Improving the Solution of Indefinite Quadratic Programs and Linear Programs with Complementarity Constraints by a Progressive MIP Method
Xinyao Zhang, Shaoning Han, Jong-Shi Pang

TL;DR
This paper introduces a progressive mixed integer programming method to efficiently solve linear programs with complementarity constraints, improving solution quality and computational performance over traditional approaches.
Contribution
The paper proposes a novel progressive integer programming approach that incrementally solves LPCCs, demonstrating superior performance and the ability to find local minimizers.
Findings
The PIP method outperforms direct full-integer formulations in computational experiments.
The solution at the end of PIP is a local minimizer of the LPCC.

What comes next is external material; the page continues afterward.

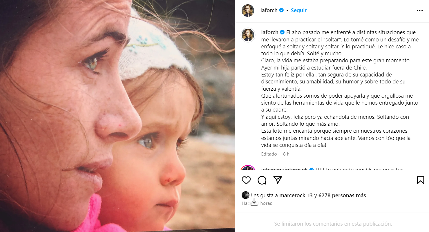 La tarde de este viernes, la cantante chilena Amaya Forch compartió en sus redes sociales un emotivo mensaje en honor a su hija, Julieta Gómez-Pablos Forch, quien se fue del país para estudiar en el extranjero.

PIP can improve feasible solutions obtained from nonlinear solvers.
Abstract
Indefinite quadratic programs (QPs) are known to be very difficult to be solved to global optimality, so are linear programs with linear complementarity constraints. Treating the former as a subclass of the latter, this paper presents a progressive mixed integer linear programming method for solving a general linear program with linear complementarity constraints (LPCC). Instead of solving the LPCC with a full set of integer variables expressing the complementarity conditions, the presented method solves a finite number of mixed integer subprograms by starting with a small fraction of integer variables and progressively increasing this fraction. After describing the PIP (for progressive integer programming) method and its various implementations, we demonstrate, via an extensive set of computational experiments, the superior performance of the progressive approach over the direct…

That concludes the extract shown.